So the code mentioned on the topic line causes segmentation fault with Qt 4.8.3 & gcc 4.7.2
This is at outside of any classes/structs at .cpp-file and works with gcc 4.4
const QList<int> warnings = QList<int>() << 0 << 3 << 7;
Traces gives these two hints:
__do_global_ctors()
__static_initialization_and_destruction_0
So it seems that "warning" is not yet available when its inserting latter list into it.
Works with 4.7.2 if i change it into this:
global scope: QList< int> warnings;
This is inisde some function:
warnings = QList<int>() << 0 << 3;
I'm wondering why this happens?
Edit:
I guess i clipped a bit too much stuff out from my question originally, but warnings is supposed to be const at file scope (.cpp-file) for holding bunch enums.

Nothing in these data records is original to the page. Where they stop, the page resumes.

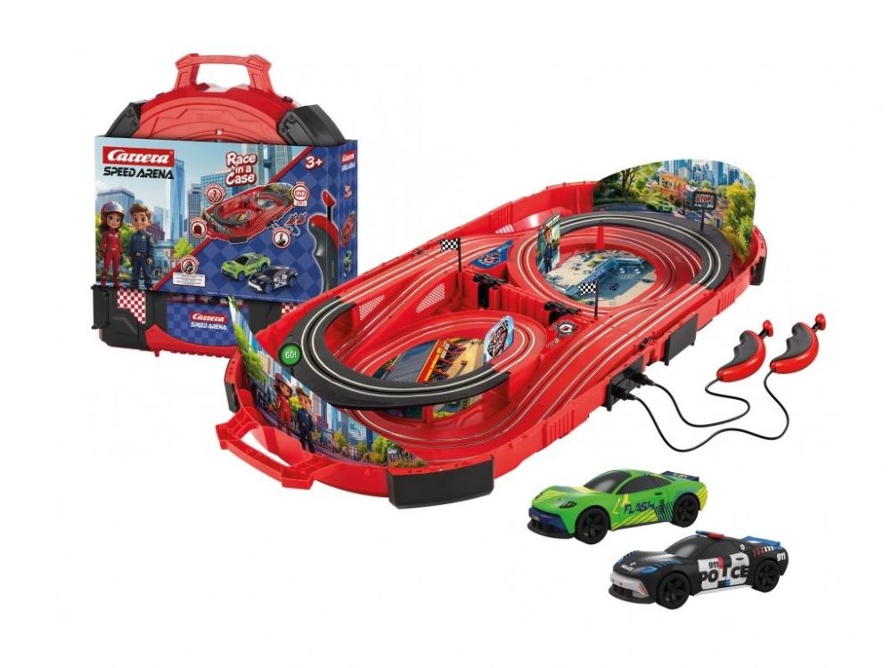Nella Carrera First Speed ??Arena, la velocità è tutto. In questo inseguimento con la polizia, la polizia insegue la macchina superveloce Green Flash. La domanda, ovviamente, è chi è il più veloce? La Speed ??Arena è perfetta da portare ovunque, così puoi gareggiare in ogni luogo. Quando la richiudi, la tua pista da corsa diventa una valigia facile da trasportare. La Speed ??Arena funziona con 4 batterie AA (non incluse).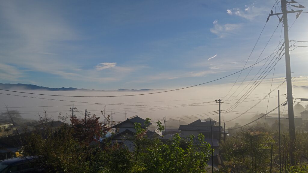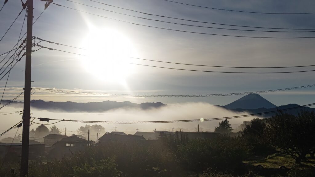 年に何回か甲府盆地一体が霧になることがあるので、もっと高い場所から見るとより分かりやすいだろう。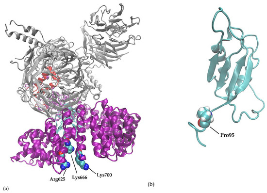 Three-dimensional view of the proteins. (a) SF3B1 protein with hotspot residue R625, K666 and K700. (b) SRSF2 protein with hotspot P95.
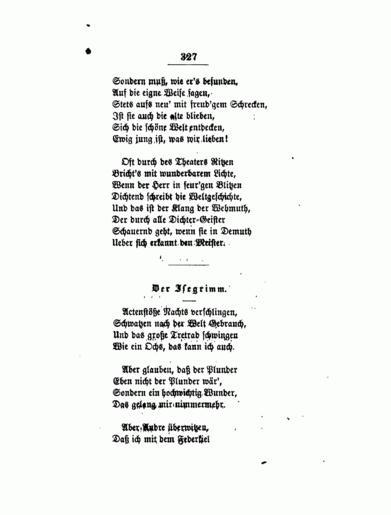 | Keywords: Gedichte Eichendorff (1864) 327.gif Gedichte_Eichendorff_ 1864 _ gif 328 Der Isegrimm aus Joseph Freiherrn von Eichendorff s sämmtliche Werke 2 Auflage S 327-328 books google com 1864 Joseph von Eichendorff 1788 1857 PD-old Joseph von Eichendorff De Wikisource book leaflet Poetry of Germany |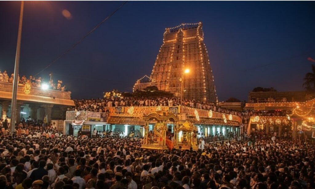 - Sri Venkateswara Swamy Temple, Tirumala Hills – The main highlight of the pilgrimage, where devotees climb or drive through the ghat roads to receive the powerful darshan of Lord Balaji.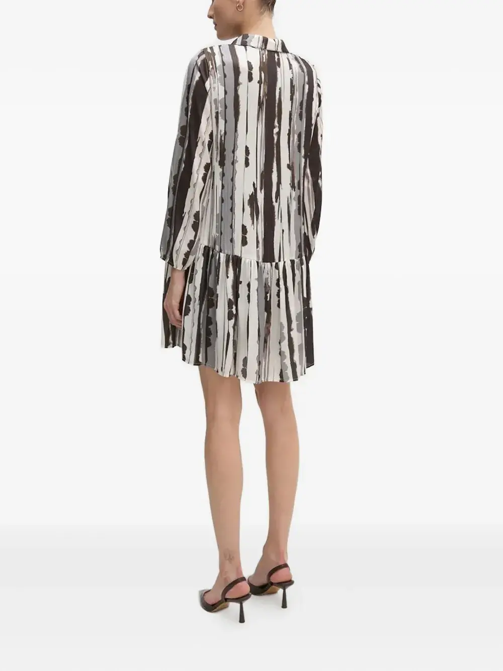 Белый абстрактный принт, воротник-стойка, длинные рукава, многоярусная юбка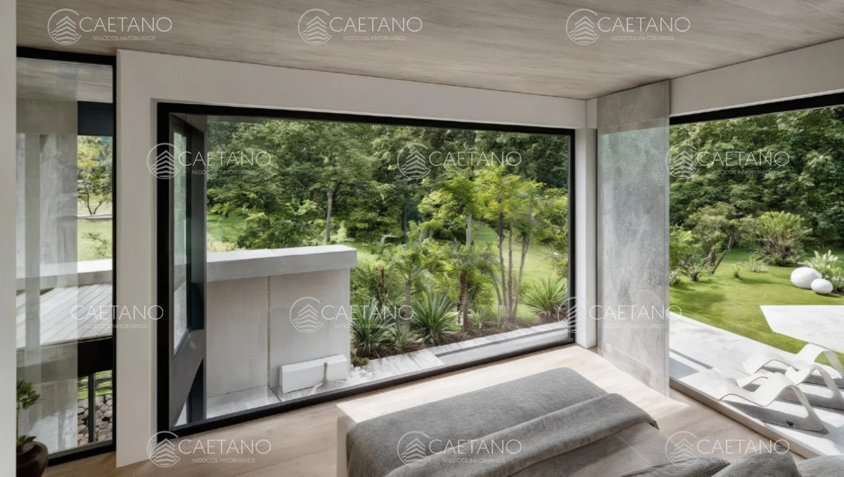 Amplios ventanales que otorgan excelente iluminación natural y conexión con el entorno verde.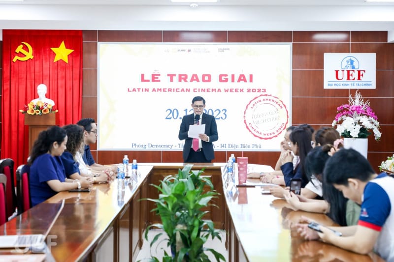 Vào ngày 20/12, Khoa Quan hệ quốc tế tiếp tục phối hợp với Viện Tây Ban Nha và Mỹ Latinh mang đến một kết thúc trọn vẹn cho các hoạt động bổ ích trên tại buổi Lễ bế mạc tuần lễ chiếu phim và tổng kết cuộc thi review phim các nước Tây Ban Nha và Mỹ La tinh. Tại đây, lãnh đạo, thầy cô Nhà UEF đã cùng khách mời và các bạn sinh viên nhìn lại hành trình đầy cảm xúc của cuộc thi, đồng thời tiến hành trao giải cho những thí sinh có sản phẩm xuất sắc.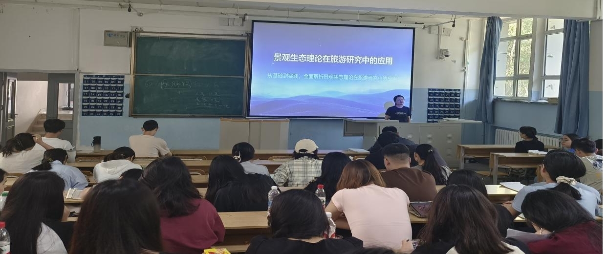 祖拜代教授首先对景观生态理论做了详细阐述,并强调景观、景观格局等在人类与自然两大系统中发挥的重要作用,其次,将自身面对科学研究时的一些想法与思路分享给在座学生,给初面临科研的学生提供思考与借鉴。之后进入到今天的讲座主题《景观生态理论在旅游研究中的应用》。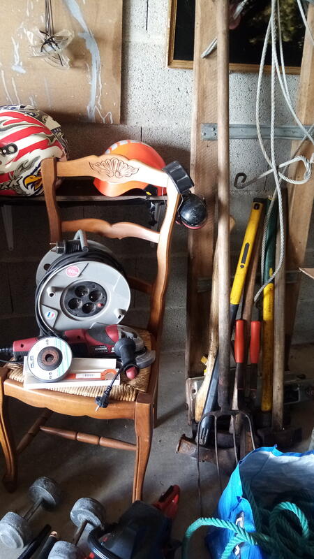 Compresseur, casques et gants moto, tronçonneuse, poêle à petrole +pétrole, vtt 27p,outils,coins,fil aciers, corde, chaise, petit meubles, frigo, gaziniere, télévision, ordinateur..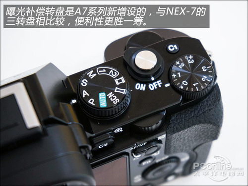 索尼A7的三转盘设计与单反相机类似,并且新增了曝光补偿转盘,总的来说使用便利性要比NEX-7的并列转盘好得多,算上五维键上的转盘,A7达到了4 转盘操作,如果要使用顺畅的话,拿到机器第一件事,就是理顺转盘功能,这样,盲拍会变得极其顺手,而且,你会爱上A7的操作。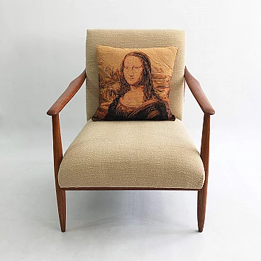 Il tessuto misto cotone del copricuscino avvolge un cuscino in piuma d'oca nuovo di zecca. Anche se il cuscino in sé è nuovo, la fodera è un pezzo di memorabilia del Louvre degli anni '70 - ma nonostante la sua età ha mantenuto bene tutti i suoi colori.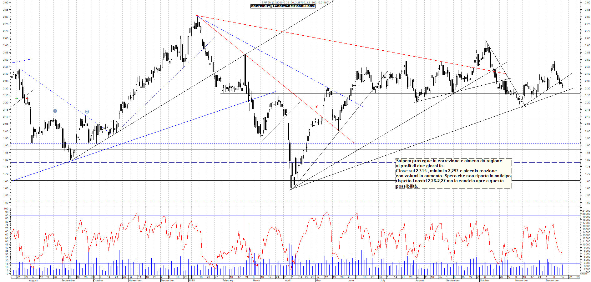 SAIPEM: Saipem prosegue in correzione e almeno dà ragione al profit di due giorni fa. Close sui 2,315 , minimi a 2,297 e piccola reazione con volumi in aumento. Spero che non riparta in anticipo rispetto i nostri 2,26-2,27 ma la candela apre a questa possibilità.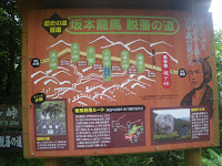 その道を更に標高10mほど下げると「坂本龍馬脱藩の道」の大きな案内がある。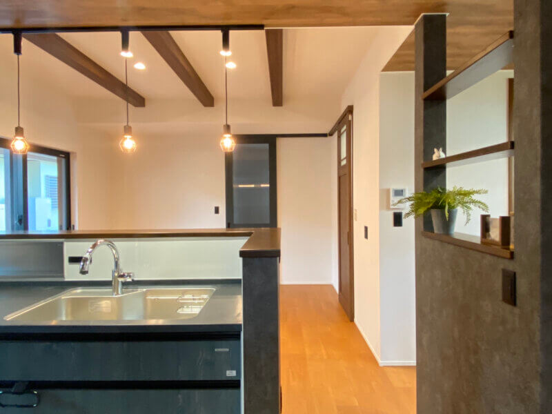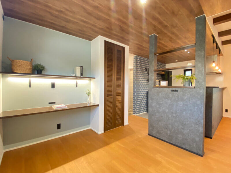 ダイニング対面にはカウンターを設けテレワークやお子様の勉強場所にも。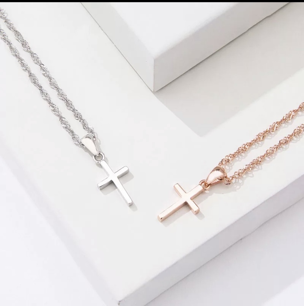 Our Simple Elegant Standanrd Stainless Steel Cross Pendent . Rose gold pictured, also available in yellow gold 14k plated. Size 21 mm x 13 mm.

My psychic debugging powers tell me that the line in question exists at global/file scope, not at class/function scope. Thus your line may be called at any point during static initialization. With your old gcc it just so happened that QT was initialized before your line was called. With the new gcc it reordered (perfectly legal) the static init to call your function first, before QT was ready to create objects and insert into them.
The solution is to hold off on creating that QList
until after main
starts. Using pointers or static local objects are two common implementations.